• [WHAT THIS TASK INVOLVES] Look below for the line holding "HOMCOM Râtelier 6" and the line holding "chastityguy716:trying to piss". Repeat those two and everything between, exactly.

• [DATASET RECORDS]
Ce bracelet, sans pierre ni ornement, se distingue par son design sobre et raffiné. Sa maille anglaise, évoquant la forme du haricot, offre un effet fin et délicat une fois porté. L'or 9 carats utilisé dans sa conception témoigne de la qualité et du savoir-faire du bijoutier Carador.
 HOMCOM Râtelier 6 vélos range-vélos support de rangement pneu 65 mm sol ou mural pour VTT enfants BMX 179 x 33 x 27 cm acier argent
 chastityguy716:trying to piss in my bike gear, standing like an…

...

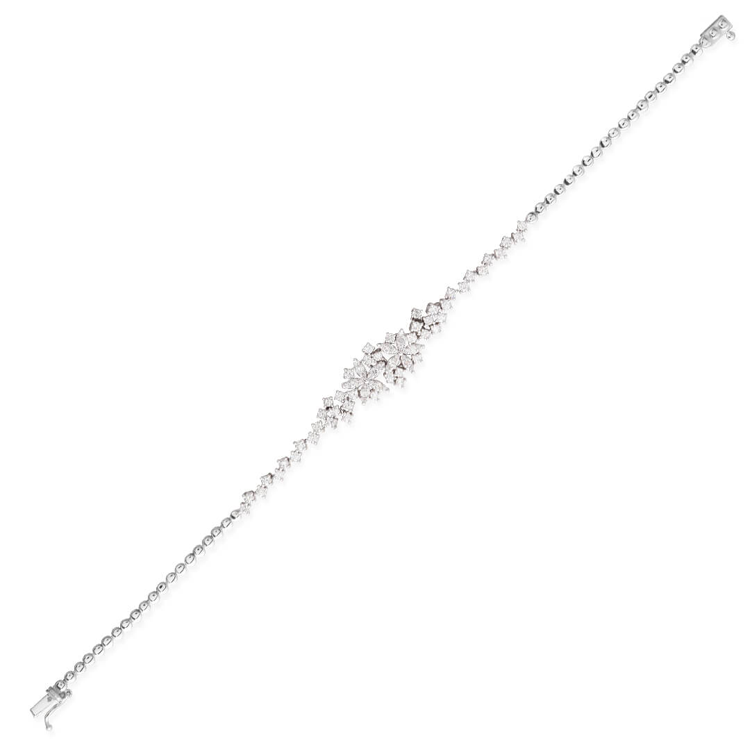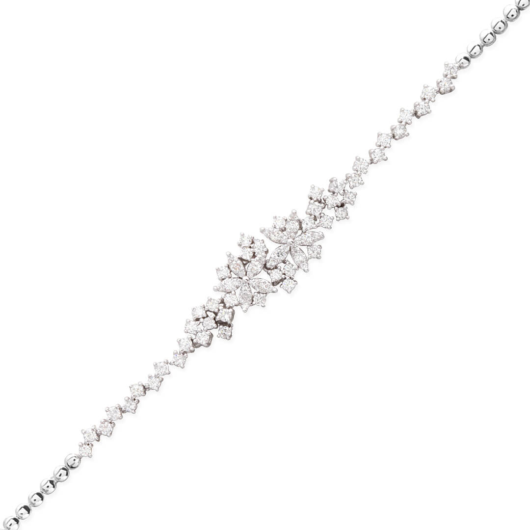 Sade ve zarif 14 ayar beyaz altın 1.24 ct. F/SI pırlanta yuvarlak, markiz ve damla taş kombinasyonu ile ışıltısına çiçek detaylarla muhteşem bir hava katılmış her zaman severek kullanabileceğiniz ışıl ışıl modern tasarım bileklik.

• [EXPECTED ANSWER]
 HOMCOM Râtelier 6 vélos range-vélos support de rangement pneu 65 mm sol ou mural pour VTT enfants BMX 179 x 33 x 27 cm acier argent
 chastityguy716:trying to piss in my bike gear, standing like an…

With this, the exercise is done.